A proximité de ce carrefour, surgissent les Sources de Sajano, remontant elles aussi à l’époque romaine, connues pour leurs propriétés curatives. Autour du Trivium Antiquum, se développa peu à peu un petit habitat urbain qui prit le nom de Trebbiantico.
Ce "village plaisant sis à cheval sur un coteau riant" a toujours été considéré comme un lieu agréable de villégiature grâce à sa position géographique. Parmi toutes les constructions plus ou moins modernes qui le composent, la plus importante est la Villa Cattani-Stuart.
Construite sur la demande de la famille Cattani au début de la deuxième moitié du XVIIème siècle, cette demeure atteint l’apogée de sa splendeur dans la première moitié du XVIIIème siècle car "utilisée" par le Cardinal florentin Alemanno Salviati, délégué pontifical des provinces de Pesaro et Urbino dans les années 1717-1732, comme résidence de campagne pour lui-même et pour ses hôtes, parmi lesquels Jacques III Stuart , en 1726 (comme en témoigne l’inscription latine sur la plaque qui surmonte le portail d’entrée de la demeure) qui se parait encore du titre de Roi d’Angleterre, qui lui fut attribué par l’Eglise Catholique.
Avec la mort de Alessandro Cattani et avec le mariage de Anna Maria, dernière héritière de la famille, avec le marquis Giovanni Paolucci, la notoriété de la demeure diminua. Cependant, les propriétaires qui suivirent (la famille Paolucci, la comtesse Bolis, dont la dépouille mortelle repose dans le cimetière de Trebbiantico, la famille Giungi et la famille Marconi) ne l’abandonnèrent guère et essayèrent au contraire d’en conserver la splendeur d’origine, tout comme s’emploie à le faire la famille actuelle. 

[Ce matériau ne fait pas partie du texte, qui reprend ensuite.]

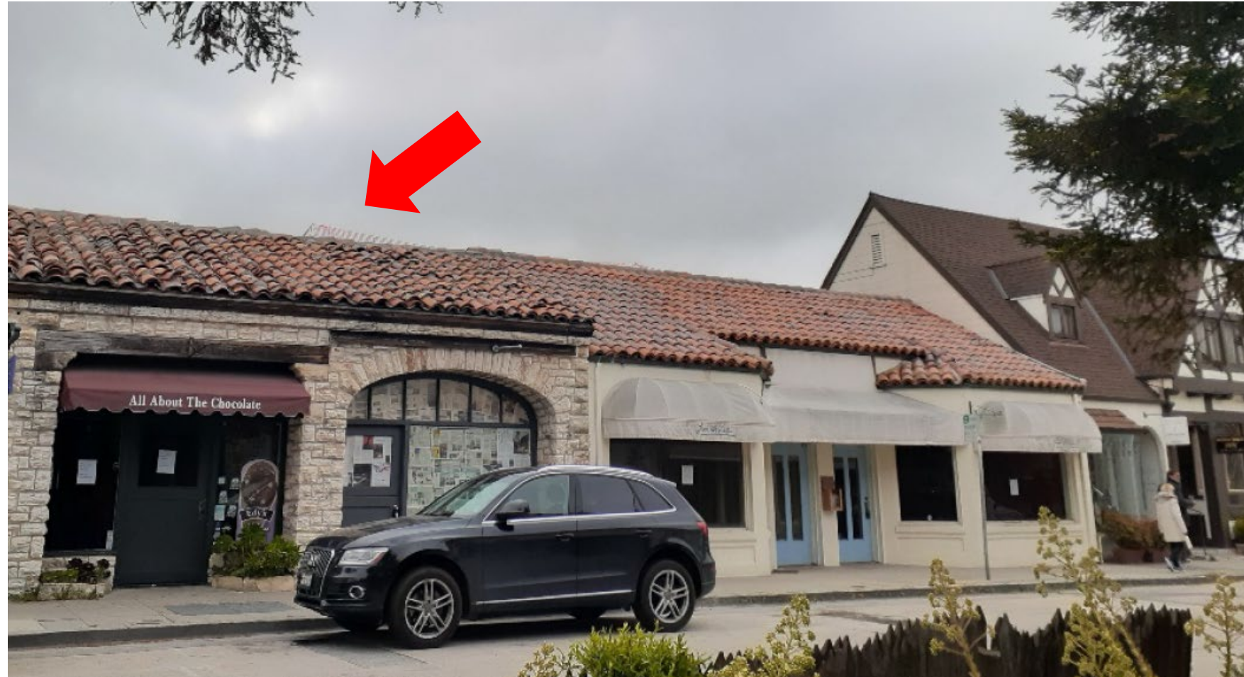
Dolores between Ocean and 7th Avenue

Historic Percy Parkes Building 3 apartments approved

Ce qui permit, en 1911, à l’écrivain Clarice Tartufari d’écrire dans son roman "Les lois infinies" ("Eterne leggi") situé dans le bourg de Trebbiantico: " ...à gauche, sur toute la longueur du bourg, une demeure somptueuse s’enorgueillissait de l’ornementation de son mur d’enceinte et de la majesté de ses grilles qui laissaient entrevoir un jardin bariolé de plates-bandes et égayé de jets d’eau".
On peut admirer, à l’intérieur de la Villa, les magnifiques fresques aux plafonds de Nicolò Berrettoni, élève des peintres Cantarini et Maratti (ou Maratta).

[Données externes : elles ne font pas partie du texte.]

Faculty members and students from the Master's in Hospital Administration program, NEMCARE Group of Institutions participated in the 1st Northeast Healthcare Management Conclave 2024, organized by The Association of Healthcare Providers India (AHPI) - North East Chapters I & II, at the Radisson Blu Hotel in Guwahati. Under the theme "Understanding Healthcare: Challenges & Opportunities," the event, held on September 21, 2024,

On accède, par un tunnel, à une petite chapelle, où le Cardinal Salviati se retirait pour prier; l’aménagement dont elle était parée a disparu peu à peu avec le temps.
On arrive à la Villa, entièrement isolée du reste des habitations du bourg, par un parc planté d’arbres: derrière la demeure et sur sa droite, se trouvent trois superbes jardins "à l’italienne", ornés de fontaines, de bacs, de temples et de statues en pierre, d’où il est possible d’admirer la vallée sousjacente du Rio Fosso Sejore.
La structure est harmonieusement située dans l’un des paysages les plus beaux des collines de Pesaro et elle est en mesure d’offrir tout type de service dans des locaux pouvant accueillir de 20 à 500 personnes, à l’intérieur de salles décorées ou non de fresques. En outre, la demeure offre des chambres meublées en style d’époque pour la nuit avec petit déjeuner.